● **DATA EXCERPTS**:
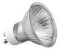 - Halogeny z reflektorem. Występują obecnie w różnych mocach i co ważniejsze z różnymi kątami skupienia światła. Dzięki temu dla każdego oświetlanego obiektu możemy dobrać halogen o takim kącie świecenia, aby uzyskać oczekiwany efekt (aby obiekt był oświetlony w całości lub w części). Standardowy reflektor w kierunku oświetlanego przedmiotu odbija zarówno światło jak i ciepło wytwarzane przez żarnik. Reflektory wykonane z aluminium odbijają 100% światła i 95% ciepła, dlatego aby zapobiec nadmiernemu nagrzewaniu się oświetlanych przedmiotów, produkowane są halogeny o specjalnej konstrukcji, z tzw. reflektorami dichroicznymi, które przepuszczają ok. 66% ciepła do tyłu. Dzięki temu uzyskujemy odbicie 33% ciepła i 95% światła w kierunku oświetlanego przedmiotu. Zatem jeśli zamierzamy wykorzystać halogeny dichroiczne w sufitach podwieszanych, w tzw. "oczkach halogenowych", musimy zapewnić odpowiednią wentylację nad sufitem (naturalną lub wymuszoną) które umożliwi odprowadzić wytwarzane przez halogeny duże ilości ciepła. Dlatego między innymi dla danego źródła światła (głównie halogenu z reflektorem) producenci podają minimalną odległość między źródłem, a oświetlanym przedmiotem. Zazwyczaj jest to 0,5m.
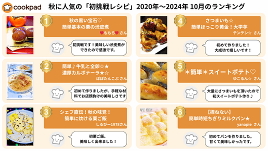 過去5年間の10月データを分析すると、「渋皮煮」「大学芋」「栗ご飯」など秋の味覚を使った料理が、毎年「初めて挑戦レシピ」の上位に入っています。年間を通じては実益重視の傾向が強まる一方で、季節の旬を楽しむ初挑戦は根強く残っています。■変化を乗り越える家庭料理の知恵を紡いで
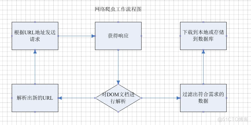 通过上面的流程图 能大概了解到 网络爬虫 干了哪些活 ,根据这些 也就能设计出一个简单的网络爬虫出来.
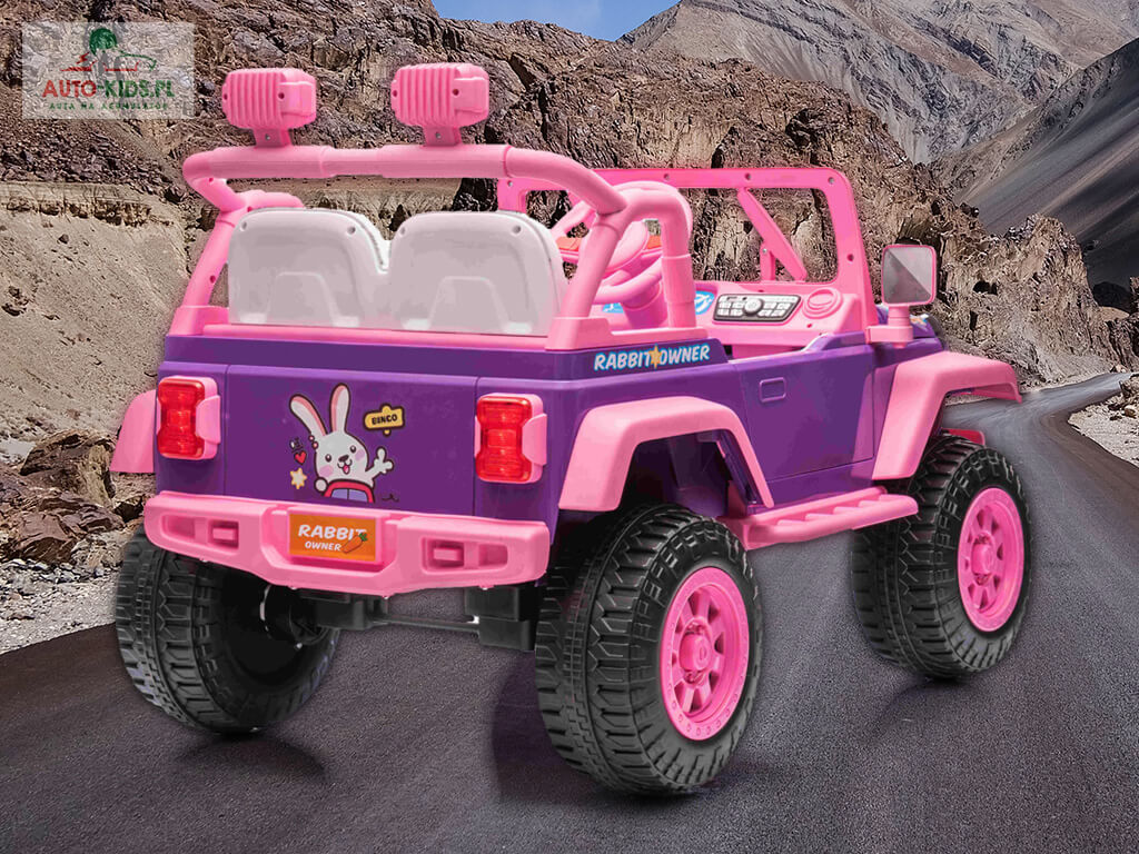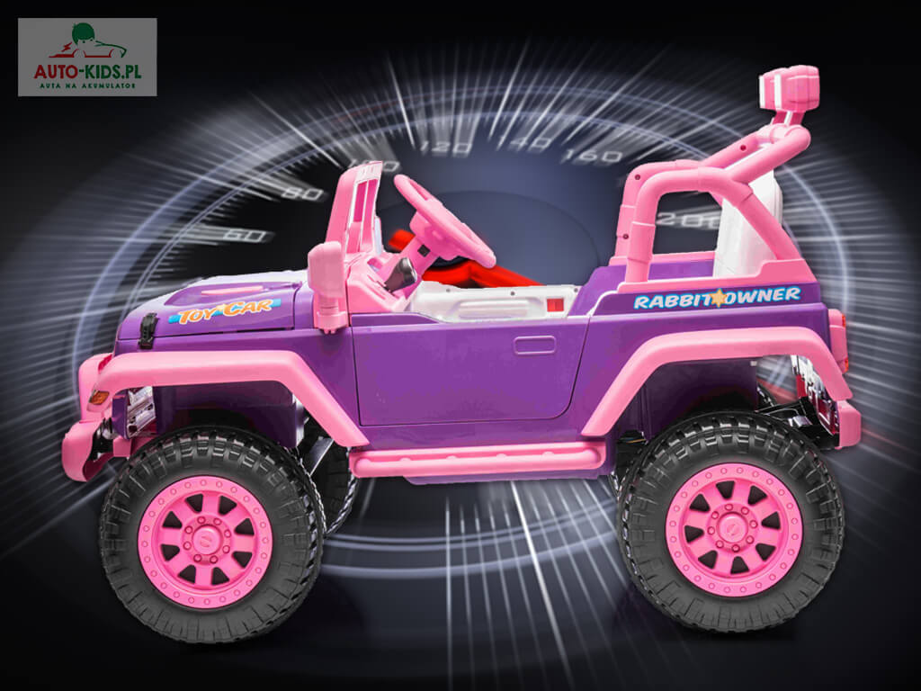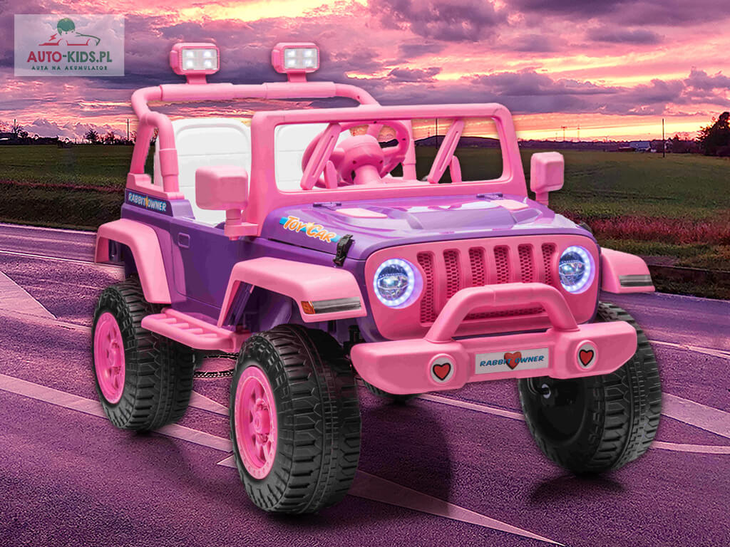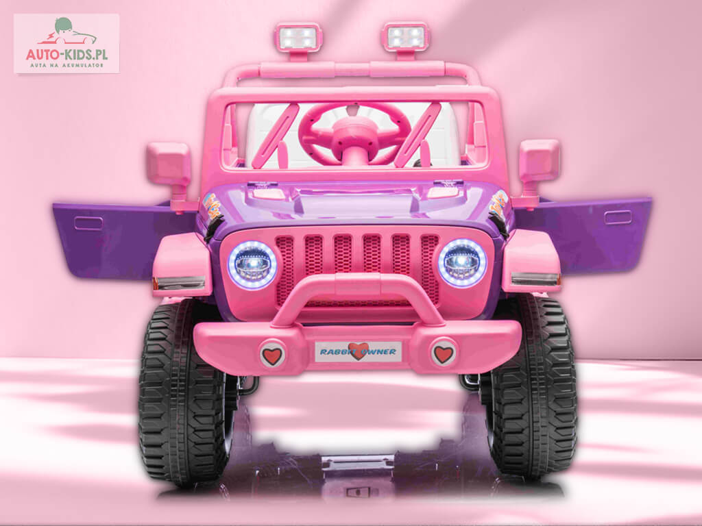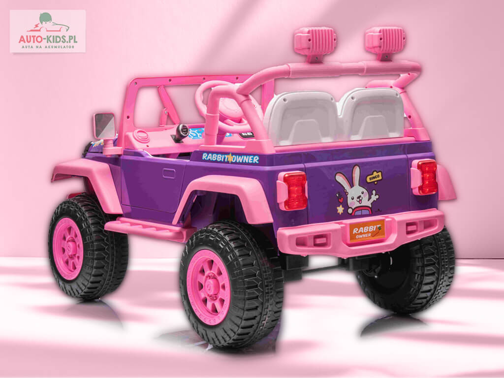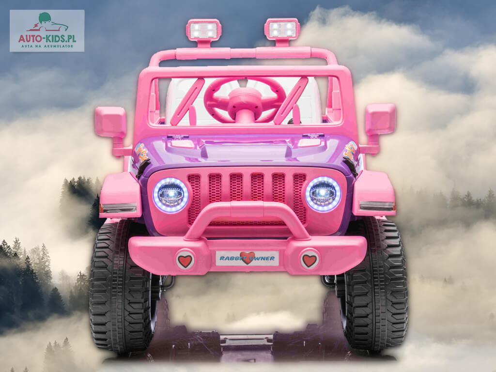 Nowość! Przepiękny dziewczęcy Jeep NEL-617 w bajkowym, króliczym różu! Dziecko poczuje się jak prawdziwa księżniczka! 🙂 Mocny napęd 4×4 24V 20000 RPM i akumulator 24V 5Ah sprawią, że młody kierowca będzie miał niezapomnianą uciechę! Jedyny w swoim rodzaju bajkowy samochód dostępny tylko w Auto-Kids.pl!!!
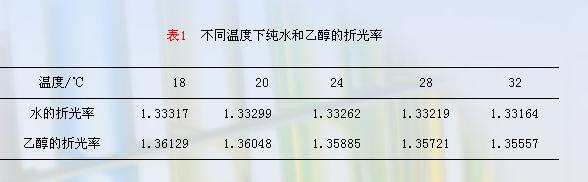 一般地讲,当温度增高1℃时液体有机化合物的折光率就减少3.5×10-4~5.5×10-4,某些有机物,持别是测定折光率时的温度与其沸点相近时,其温度系数可达7×10-4。为了便于计算,一般采用4×10-4为其温度变化系数。这个粗略计算,当然会带来误差,为了精确起见,一般折光仪应配有恒温装置。表1是不同温度下纯水和乙醇的折光率。 表1 不同温度下纯水和乙醇的折光率 温度/℃ 18 20 24 28 32 水的折光率 1.33317 1.33299 1.33262 1.33219 1.33164 乙醇的折光率 1.36129 1.36048 1.35885 1.35721 1.35557 |

● **INSTRUCTIONS TO FOLLOW**: Please output every line of the listing as it stands, and omit its images.

● **EXERCISE RESULT**:
 - Halogeny z reflektorem. Występują obecnie w różnych mocach i co ważniejsze z różnymi kątami skupienia światła. Dzięki temu dla każdego oświetlanego obiektu możemy dobrać halogen o takim kącie świecenia, aby uzyskać oczekiwany efekt (aby obiekt był oświetlony w całości lub w części). Standardowy reflektor w kierunku oświetlanego przedmiotu odbija zarówno światło jak i ciepło wytwarzane przez żarnik. Reflektory wykonane z aluminium odbijają 100% światła i 95% ciepła, dlatego aby zapobiec nadmiernemu nagrzewaniu się oświetlanych przedmiotów, produkowane są halogeny o specjalnej konstrukcji, z tzw. reflektorami dichroicznymi, które przepuszczają ok. 66% ciepła do tyłu. Dzięki temu uzyskujemy odbicie 33% ciepła i 95% światła w kierunku oświetlanego przedmiotu. Zatem jeśli zamierzamy wykorzystać halogeny dichroiczne w sufitach podwieszanych, w tzw. "oczkach halogenowych", musimy zapewnić odpowiednią wentylację nad sufitem (naturalną lub wymuszoną) które umożliwi odprowadzić wytwarzane przez halogeny duże ilości ciepła. Dlatego między innymi dla danego źródła światła (głównie halogenu z reflektorem) producenci podają minimalną odległość między źródłem, a oświetlanym przedmiotem. Zazwyczaj jest to 0,5m.
 過去5年間の10月データを分析すると、「渋皮煮」「大学芋」「栗ご飯」など秋の味覚を使った料理が、毎年「初めて挑戦レシピ」の上位に入っています。年間を通じては実益重視の傾向が強まる一方で、季節の旬を楽しむ初挑戦は根強く残っています。■変化を乗り越える家庭料理の知恵を紡いで
 通过上面的流程图 能大概了解到 网络爬虫 干了哪些活 ,根据这些 也就能设计出一个简单的网络爬虫出来.
 Nowość! Przepiękny dziewczęcy Jeep NEL-617 w bajkowym, króliczym różu! Dziecko poczuje się jak prawdziwa księżniczka! 🙂 Mocny napęd 4×4 24V 20000 RPM i akumulator 24V 5Ah sprawią, że młody kierowca będzie miał niezapomnianą uciechę! Jedyny w swoim rodzaju bajkowy samochód dostępny tylko w Auto-Kids.pl!!!
 一般地讲,当温度增高1℃时液体有机化合物的折光率就减少3.5×10-4~5.5×10-4,某些有机物,持别是测定折光率时的温度与其沸点相近时,其温度系数可达7×10-4。为了便于计算,一般采用4×10-4为其温度变化系数。这个粗略计算,当然会带来误差,为了精确起见,一般折光仪应配有恒温装置。表1是不同温度下纯水和乙醇的折光率。 表1 不同温度下纯水和乙醇的折光率 温度/℃ 18 20 24 28 32 水的折光率 1.33317 1.33299 1.33262 1.33219 1.33164 乙醇的折光率 1.36129 1.36048 1.35885 1.35721 1.35557 |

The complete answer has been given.